Frank Hegger (ca. 1840-1903) was described by his daughter Grace (Mrs. Sinclair Lewis) as a “failed artist turned photographer.” On October 27, 1886, he became one of the first image distributor arrested by Anthony Comstock, Secretary of the New York Society for the Suppression of Vice, for selling obscene photographs.
Hegger was accused of selling “unmounted photographs” that were imported through the mails from Paris, described as “of the most obscene and filthy character. …one package contained 134 pictures, most of them from life, and I am satisfied from my investigation that there is a large amount of nude and obscene pictures imported by various dealers in the City of New York, …designed for artists [but]…distributed promiscuously.”–Amy Werbel, Lust on Trial: Censorship and the Rise of American Obscenity in the Age of Anthony Comstock (Columbia University Press, 2018).
Recognized for his superb carbon prints, Hegger did a fair amount of business with Adolphe Braun through his Paris offices. One package seized in the raid was addressed from that firm, possibly reproductions of works from the Louvre, where Braun held the sole license to photograph and circulate reproductions. These may have been the objectionable nudes. According to Werbel, “Comstock’s campaign to rid America of vice in fact led to greater acceptance of the materials he deemed objectionable.”
By 1890, all Hegger advertisements describe landscapes and architectural views, no portraiture, although men continued to line-up on the sidewalk to get into his shops at 152 Broadway and 288 Fifth Avenue, where prints as large as 4 x 3 feet were displayed and sold.

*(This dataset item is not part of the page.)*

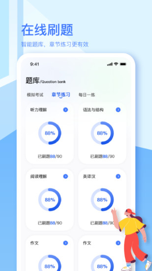 3、APP还提供在线测试和模拟考试功能,帮助用户检验学习成果,及时调整学习策略。
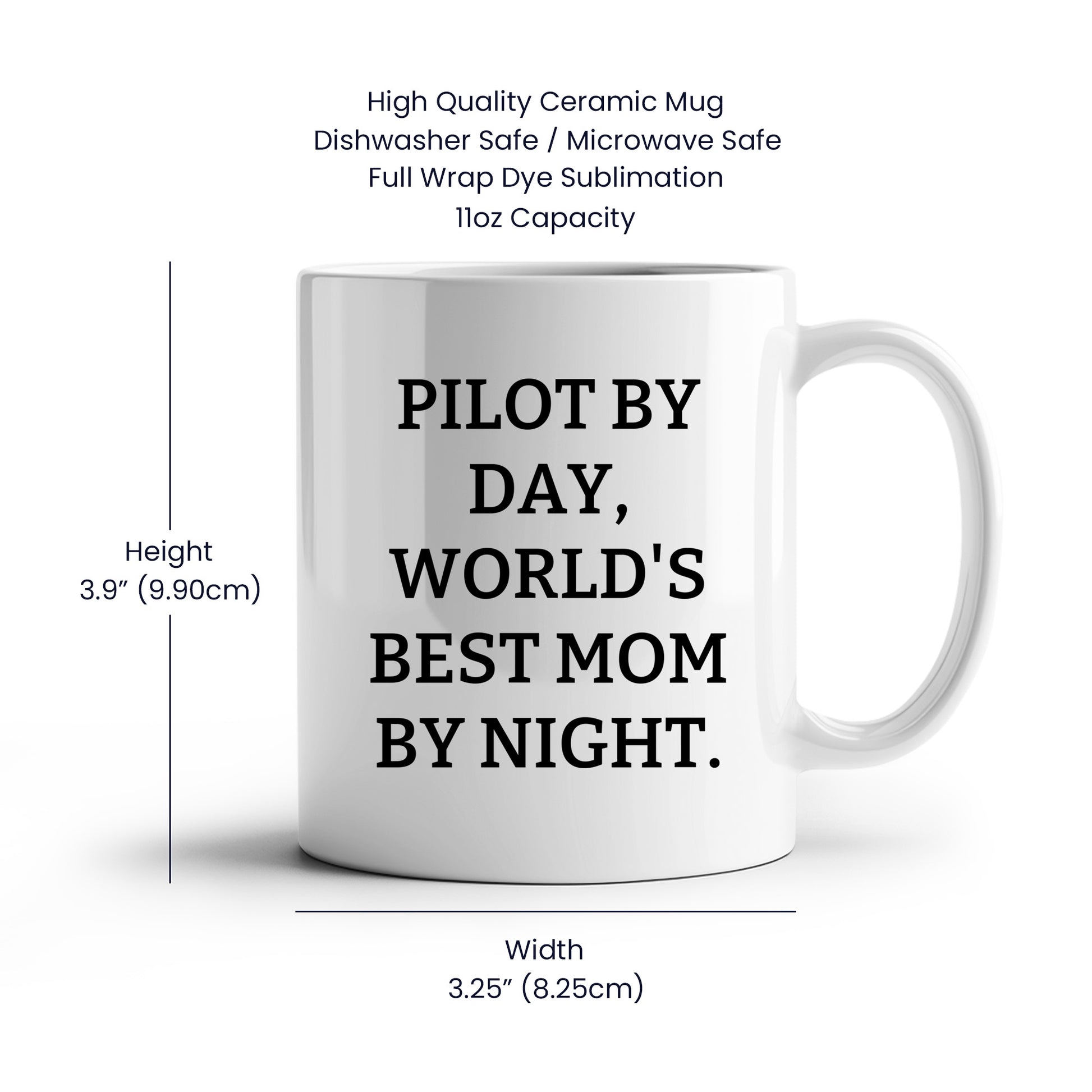 Are you a pilot or know someone who is? This funny white coffee mug is the perfect gift for any aviation enthusiast. Featuring the humorous and thoughtful quote, "Pilot By Day, World's Best Mom By Night," it’s a unique way to show appreciation for their dedication to flying.

“Frank Hegger’s Photographic Depot, at 152 Broadway, is the best-known and most popular establishment of its kind in America. This spacious store is a magazine packed with everything that is choice in water-colors, etchings, engravings, photographs of every possible description, and unmounted views from all parts of the globe. “If you can’t get them at Hegger’s, you can’t get them in this country, ” is a well-deserved compliment and literally true.
Hegger’s is always abreast with the time, and the selections which continually replenish his stock are made with the taste and judgment of a man of travel and a knowledge of the best one sees as a traveler. . . .The absence of the Hegger establishment from New York would leave an aching void to the eyes of thousands to whom his show-windows and portfolios are a perpetual source of intellectual refreshment and aesthetical delight.
The Broadway sidewalk is often blockaded by the throng attracted by his ever freshly renewed and ever novel and interesting displays, and brokers and business men, hot with the fever of mid-day business, break suddenly away from their drive for gain to “run in and see what Hegger has new,” and jostle grave[?] divines and college professors in their investigations of the huge sample books.”
—King’s Handbook of New York City: An Outline History and Description of the American Metropolis (1892).152 Broadway, adjoining the N. E. corner of Liberty Street, showing Frank Hegger’s Photographic Depot, the best known and most popular establishment of its kind in its day. –New York Public Library “Old New York” 1883?